ГЛАВА СЕМНАДЦАТАЯ. АВИНЬОН

   — Вы?! — удивление Климента V было искренним, хотя, по размышлении, вряд ли в свете могло быть что-то способное удивить наместника бога на земле.
   Кардинал де Прато смиренно приблизился и смиренно же поцеловал руку Его святейшества. За протекшие годы, а их было числом пять, он изменился мало. Все так же был сух, землист цветом кожи, скуп в движениях и прост в одежде. Папа же изменился заметно, образ жизни, весьма далекий от подвижнического, сказался на его облике. Мешки под глазами, желтый отлив белков глаз, одышка. Даже в сидячем положении дыхание первосвященника было затруднено. Де Прато окинул его понимающим взглядом, в котором было мало участия.
   За стенами авиньонского дворца стояла поздняя осень, в покоях Его святейшества, несмотря на пылающую пасть камина и десяток переносных жаровен, расставленных по углам, было прохладно. Климент кутался в подбитую мехом полость, с лица не сходи, недовольное выражение.

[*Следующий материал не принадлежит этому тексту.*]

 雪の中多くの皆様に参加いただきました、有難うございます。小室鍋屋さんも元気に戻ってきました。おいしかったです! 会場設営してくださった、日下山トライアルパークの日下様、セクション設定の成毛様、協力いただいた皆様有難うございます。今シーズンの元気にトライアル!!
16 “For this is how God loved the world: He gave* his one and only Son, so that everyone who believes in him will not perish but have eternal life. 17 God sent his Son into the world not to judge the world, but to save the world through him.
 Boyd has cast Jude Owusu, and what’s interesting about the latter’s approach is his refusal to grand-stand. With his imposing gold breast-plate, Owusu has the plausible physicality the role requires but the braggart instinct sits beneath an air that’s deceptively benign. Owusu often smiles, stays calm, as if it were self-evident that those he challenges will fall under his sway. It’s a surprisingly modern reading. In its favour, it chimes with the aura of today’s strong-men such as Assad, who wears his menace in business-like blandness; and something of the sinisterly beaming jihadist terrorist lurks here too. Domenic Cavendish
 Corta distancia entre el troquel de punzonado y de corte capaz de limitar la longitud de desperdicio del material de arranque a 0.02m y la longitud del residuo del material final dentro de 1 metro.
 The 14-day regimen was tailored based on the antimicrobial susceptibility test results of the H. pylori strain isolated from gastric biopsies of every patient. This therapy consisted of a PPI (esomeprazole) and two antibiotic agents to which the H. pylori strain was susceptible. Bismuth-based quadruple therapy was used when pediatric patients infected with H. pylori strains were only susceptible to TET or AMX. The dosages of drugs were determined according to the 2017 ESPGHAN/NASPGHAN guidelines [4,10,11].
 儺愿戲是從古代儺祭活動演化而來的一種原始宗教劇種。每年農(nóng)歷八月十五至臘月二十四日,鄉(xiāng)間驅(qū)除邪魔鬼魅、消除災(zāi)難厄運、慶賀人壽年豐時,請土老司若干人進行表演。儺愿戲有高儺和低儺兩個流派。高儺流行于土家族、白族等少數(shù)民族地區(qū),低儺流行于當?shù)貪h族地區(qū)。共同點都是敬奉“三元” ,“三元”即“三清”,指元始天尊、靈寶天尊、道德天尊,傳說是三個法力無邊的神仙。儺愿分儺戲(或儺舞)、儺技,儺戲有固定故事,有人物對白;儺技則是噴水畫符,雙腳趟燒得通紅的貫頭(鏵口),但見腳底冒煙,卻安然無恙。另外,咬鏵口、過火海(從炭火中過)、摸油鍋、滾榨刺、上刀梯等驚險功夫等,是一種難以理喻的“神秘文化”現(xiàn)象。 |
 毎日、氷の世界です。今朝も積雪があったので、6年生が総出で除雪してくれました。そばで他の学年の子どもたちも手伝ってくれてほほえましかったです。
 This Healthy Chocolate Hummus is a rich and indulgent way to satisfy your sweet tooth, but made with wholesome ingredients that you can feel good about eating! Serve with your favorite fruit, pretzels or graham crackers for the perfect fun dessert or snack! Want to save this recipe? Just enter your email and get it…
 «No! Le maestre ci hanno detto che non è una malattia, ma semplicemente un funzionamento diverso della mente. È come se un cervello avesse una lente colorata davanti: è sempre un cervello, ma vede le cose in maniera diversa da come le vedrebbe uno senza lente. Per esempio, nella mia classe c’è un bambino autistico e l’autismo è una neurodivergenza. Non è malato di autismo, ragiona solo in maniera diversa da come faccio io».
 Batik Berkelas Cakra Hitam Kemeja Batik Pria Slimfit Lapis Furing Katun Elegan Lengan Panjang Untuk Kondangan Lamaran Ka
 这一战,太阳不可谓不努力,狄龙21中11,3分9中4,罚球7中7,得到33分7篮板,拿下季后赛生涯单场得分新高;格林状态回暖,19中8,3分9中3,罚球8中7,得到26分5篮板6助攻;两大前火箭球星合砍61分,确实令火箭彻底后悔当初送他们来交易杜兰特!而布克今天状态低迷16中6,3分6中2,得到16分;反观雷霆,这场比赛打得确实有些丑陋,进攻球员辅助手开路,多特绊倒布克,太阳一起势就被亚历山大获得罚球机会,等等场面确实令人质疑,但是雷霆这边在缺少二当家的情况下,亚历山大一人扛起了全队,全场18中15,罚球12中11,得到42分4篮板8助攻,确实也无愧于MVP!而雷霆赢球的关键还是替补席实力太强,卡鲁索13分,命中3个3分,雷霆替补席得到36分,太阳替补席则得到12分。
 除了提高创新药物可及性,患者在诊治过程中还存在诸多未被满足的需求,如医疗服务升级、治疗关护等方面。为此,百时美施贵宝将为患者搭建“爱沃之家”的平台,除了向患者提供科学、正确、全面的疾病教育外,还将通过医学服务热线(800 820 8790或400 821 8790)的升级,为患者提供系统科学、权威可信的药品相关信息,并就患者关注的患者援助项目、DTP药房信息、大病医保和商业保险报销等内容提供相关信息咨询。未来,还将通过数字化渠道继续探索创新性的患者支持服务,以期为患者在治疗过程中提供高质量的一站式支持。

   — Представляете, какие холода. Что-то будет зимой, — не удержавшись, пожаловался он.
   Кардинал не отреагировал на эту жалобу. На нем была простая, суконная хламида без всяких украшений и утеплений, и он не испытывал никакого неудобства.
   — Холод не вокруг нас Ваше святейшество, а внутри.
   Папа брюзгливо поморщился.
   — Знаю, знаю я эту вашу страсть к поучениям. А как умный человек, вы должны были бы знать, что путем говорения правильных слов еще никому не удалось помочь.
   Де Прато сухо поклонился.
   — Лучше уж говорите о деле. Ведь не без дела же вы явились сюда.
   — Разумеется с делом, Ваше святейшество.
   — Ну, так я жду.
   — У меня к вам два значительных известия.
   — Я не буду за вас решать, с какого вам лучше начать, — недовольно пробормотал Климент V и, выпростав руку из-под полости, потянулся к бокалу, стоявшему рядом на изящной кипарисовой подставке.
   — Умер император.
   Рука папы застыла в полете. Он невольно прищурил один глаз и с надеждой спросил.
   — Константинопольский?
   — Нет. Умер Генрих VII, император Священной Римской Империи. Это произошло неделю назад в Сиенне.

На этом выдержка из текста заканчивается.